▶ _What is being asked_:
Omit all pictures. Copy exactly the lines from the line containing "Vikas Bahl and" to the end of the listing, with both ends included.

* * * * * * *

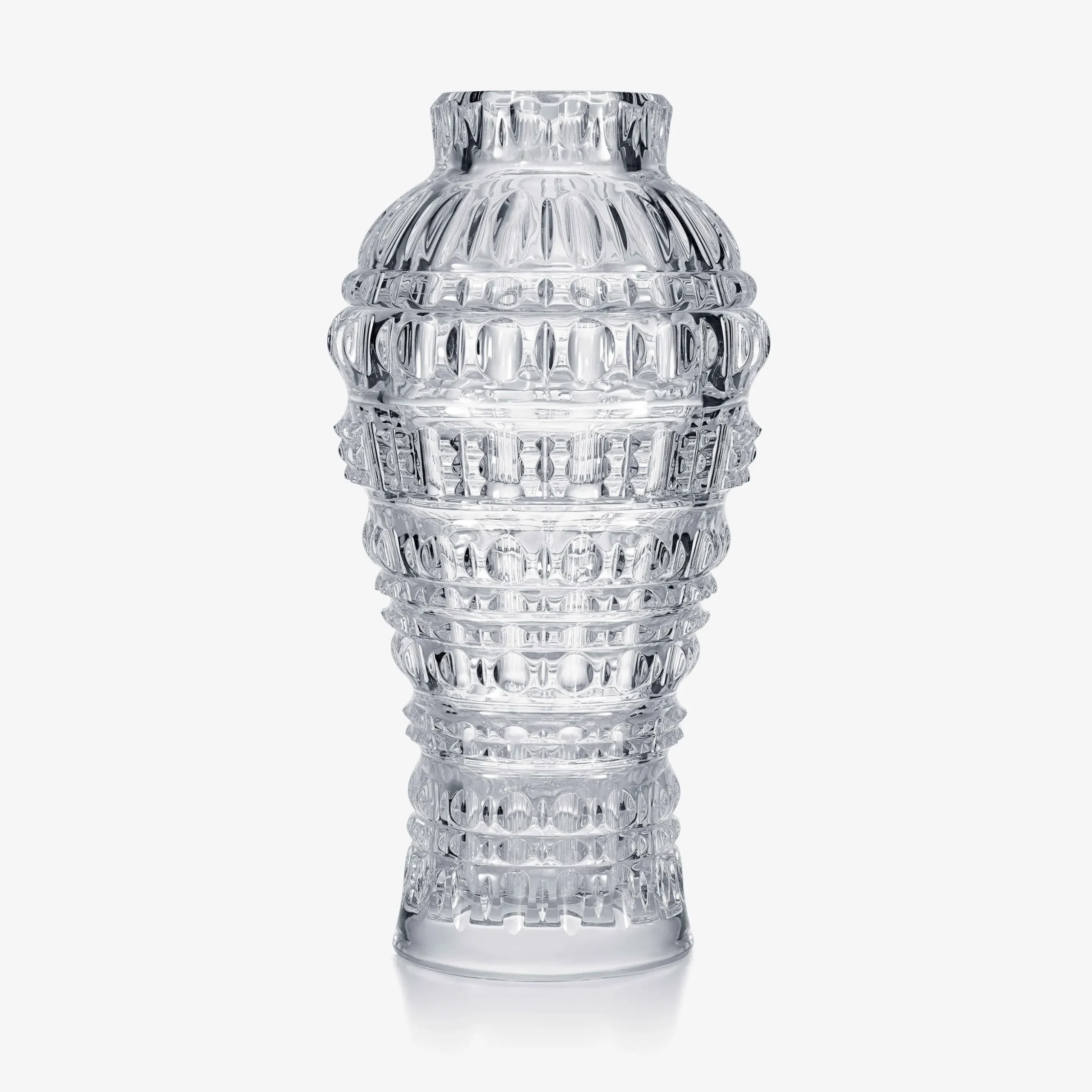 Inspiré de la silhouette d’amphores asiatiques en porcelaine, le vase Amphora mêle audacieusement tradition et innovation. L’élégance intemporelle de ses lignes se conjugue au motif de taille New Antique qui renvoie la lumière dans un jeu de reflets infinis. Cette création aussi éblouissante avec ou sans fleur, fusionne deux vases en un pour s’adapter à toutes les envies.
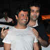 Vikas Bahl and Karan Johar pose as they arrive for the wrap-up party of movie Bombay Velvet, held in Mumbai, on April 16, 2014. (Pic: Viral Bhayani) See more of :
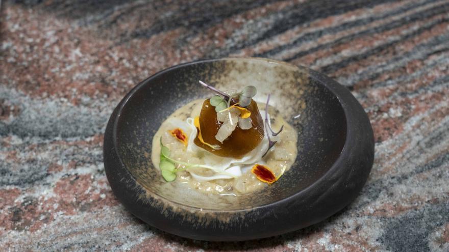 En este primer plato, se presenta una receta para hacer una salsa estilo carbonara que combina colmenillas (setas del día) y calamar gigante (calamar del Cantábrico). A continuación, se cuecen y pican las colmenillas, champiñones, cebolla y puerro, todo junto, y se añade nata para conseguir una densa base de salsa. Este será el principal atractivo del plato, aunque sin pasta.
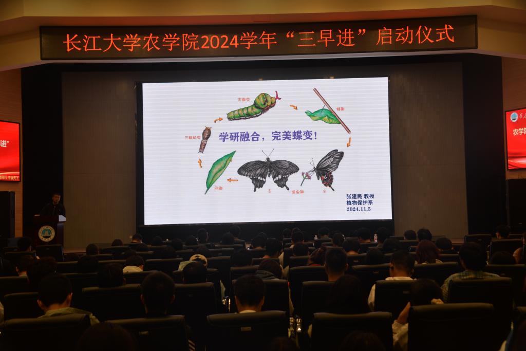 (见习记者 吴泓萱 邬道瑾/文 严树彬 向建华/摄)为了促进员工厚植学农爱农情怀,坚定强农兴农的时代使命,将科研实践与理论实践结合起来,公司于11月5日19:00在农科大楼1058会议室举行2024年“三早进”启动仪式。仪式由党委副书记尹小华主持,经理助理邓建新教授、植保系张建民教授、分团委书记付雪娇、24级辅导员唐玉婷、课题组对接研究生、23级和24级班主任及全体员工参与此次仪式。
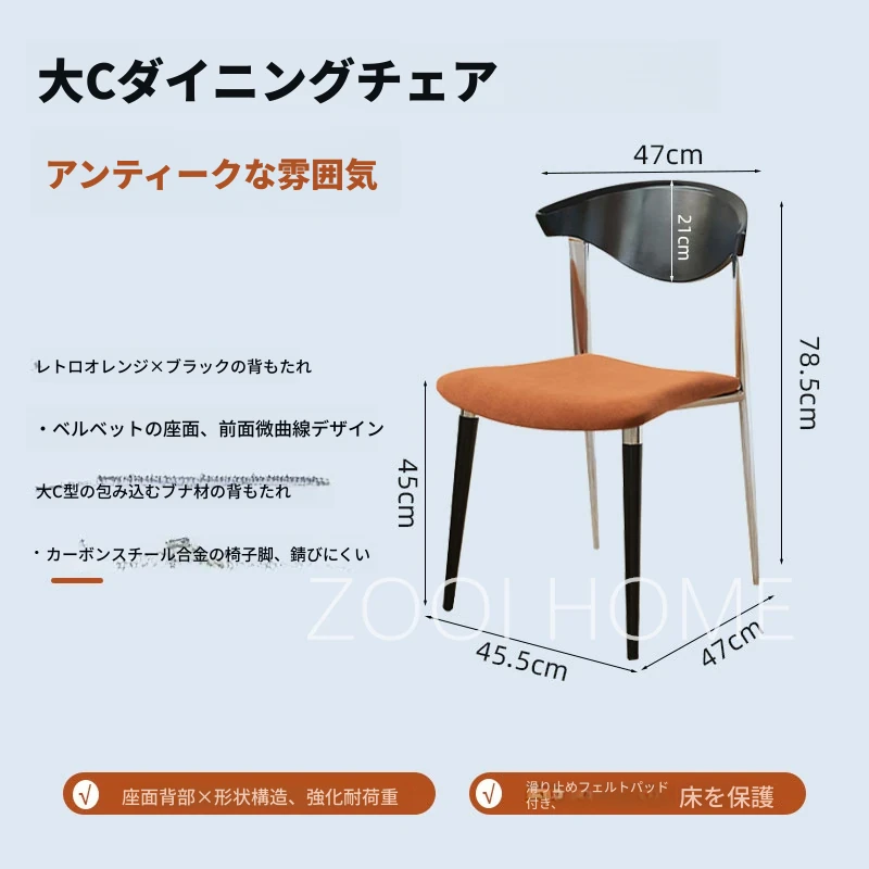 【コストパフォーマンス金属前脚】ヴィンテージオレンジクッション-ブラック背もたれ
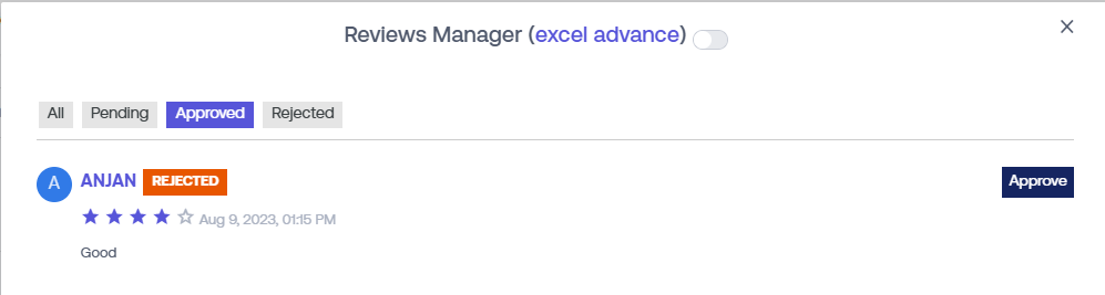 On the "Review Manager" page, you can view all the "Rejected", "Approved" & "Pending" reviews of the course.
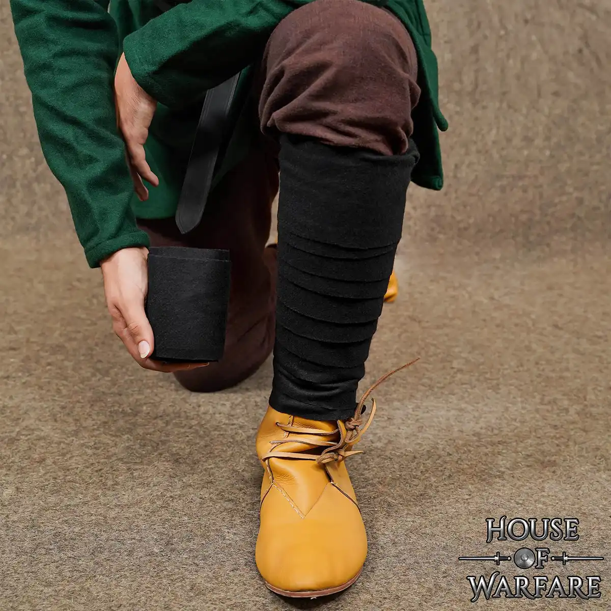Each pair is made from a 70% wool and 30% blended fiber fabric. Wool is naturally insulating, breathable, and moisturewicking. It keeps legs warm. Wool is also durable, slightly stretchable, and resistant to odors, making it ideal for long use of wear during events. These medieval leg wraps measure about 145 cm in length and 4 inches in width, for enough coverage.

* * * * * * *

▶ _Solution_:
 Vikas Bahl and Karan Johar pose as they arrive for the wrap-up party of movie Bombay Velvet, held in Mumbai, on April 16, 2014. (Pic: Viral Bhayani) See more of :
 En este primer plato, se presenta una receta para hacer una salsa estilo carbonara que combina colmenillas (setas del día) y calamar gigante (calamar del Cantábrico). A continuación, se cuecen y pican las colmenillas, champiñones, cebolla y puerro, todo junto, y se añade nata para conseguir una densa base de salsa. Este será el principal atractivo del plato, aunque sin pasta.
 (见习记者 吴泓萱 邬道瑾/文 严树彬 向建华/摄)为了促进员工厚植学农爱农情怀,坚定强农兴农的时代使命,将科研实践与理论实践结合起来,公司于11月5日19:00在农科大楼1058会议室举行2024年“三早进”启动仪式。仪式由党委副书记尹小华主持,经理助理邓建新教授、植保系张建民教授、分团委书记付雪娇、24级辅导员唐玉婷、课题组对接研究生、23级和24级班主任及全体员工参与此次仪式。
 【コストパフォーマンス金属前脚】ヴィンテージオレンジクッション-ブラック背もたれ
 On the "Review Manager" page, you can view all the "Rejected", "Approved" & "Pending" reviews of the course.
Each pair is made from a 70% wool and 30% blended fiber fabric. Wool is naturally insulating, breathable, and moisturewicking. It keeps legs warm. Wool is also durable, slightly stretchable, and resistant to odors, making it ideal for long use of wear during events. These medieval leg wraps measure about 145 cm in length and 4 inches in width, for enough coverage.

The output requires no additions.